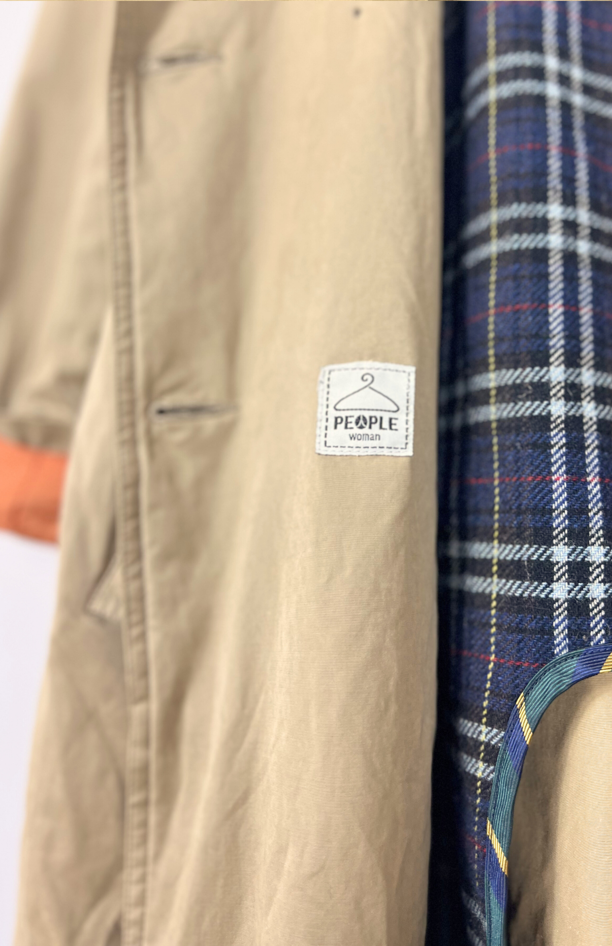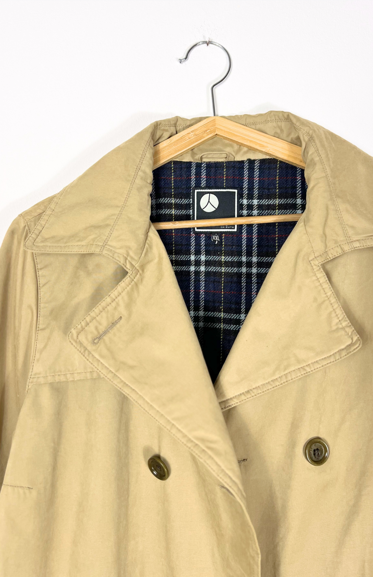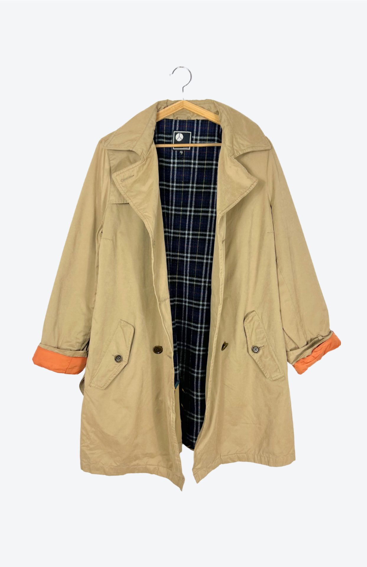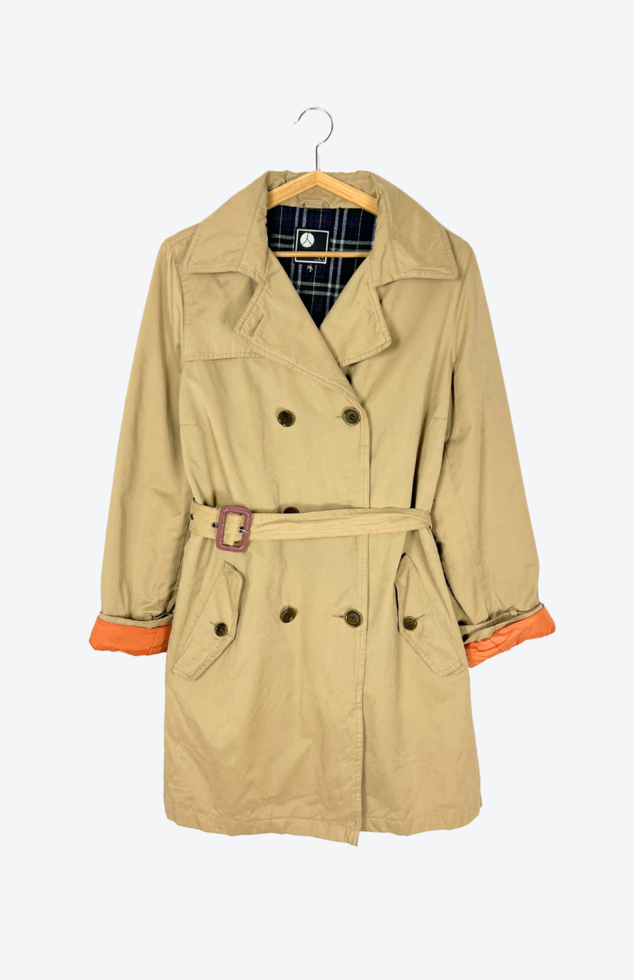 Vintage teplejší trench coat zateplený kostkovanou vlněnou podšívkou. Má možnost ohrnout si rukávy a doplnit je oranžovým lemem. Odnímatelný pásek v pase, kapsy po stranách. Pěkně zpracovaný. Unisex kousek.
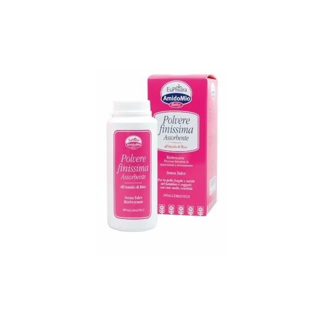 Euphidra Amidomio Polvere finissima dopobagno all'amido di riso puro. Grazie al suo potere assorbente, asciuga e protegge la pelle. Formato 100g
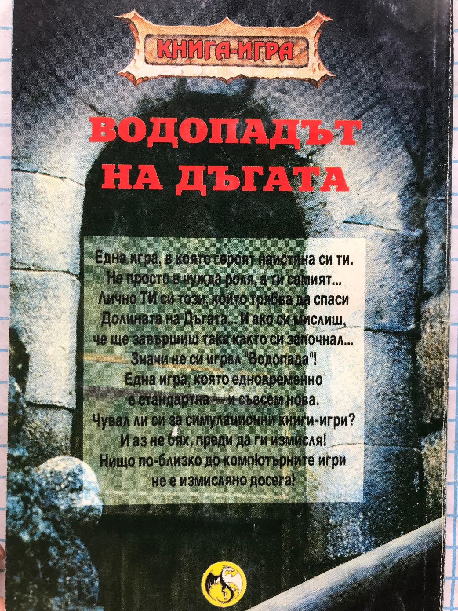 Една игра, в която героят наистина си ти. Не просто в чужда роля, а ти самият... Лично ТИ си този, който трябва да спаси Долината на Дъгата... И ако си мислиш, че ще завършиш така както си започнал... Значи не си играл "Водопада"! Една игра, която едновременно е стандартна - и съвсем нова. Чувал ли си за симулационни книги-игри? И аз не бях, преди да ги измисля! Нищо по-близко до компютърните игри не е измисляно досега!

◇ ◇ ◇ ◇

▸ **About this task**
Please output the material as written, apart from the images.

▸ **Written answer**
 Vintage teplejší trench coat zateplený kostkovanou vlněnou podšívkou. Má možnost ohrnout si rukávy a doplnit je oranžovým lemem. Odnímatelný pásek v pase, kapsy po stranách. Pěkně zpracovaný. Unisex kousek.
 Euphidra Amidomio Polvere finissima dopobagno all'amido di riso puro. Grazie al suo potere assorbente, asciuga e protegge la pelle. Formato 100g
 Една игра, в която героят наистина си ти. Не просто в чужда роля, а ти самият... Лично ТИ си този, който трябва да спаси Долината на Дъгата... И ако си мислиш, че ще завършиш така както си започнал... Значи не си играл "Водопада"! Една игра, която едновременно е стандартна - и съвсем нова. Чувал ли си за симулационни книги-игри? И аз не бях, преди да ги измисля! Нищо по-близко до компютърните игри не е измисляно досега!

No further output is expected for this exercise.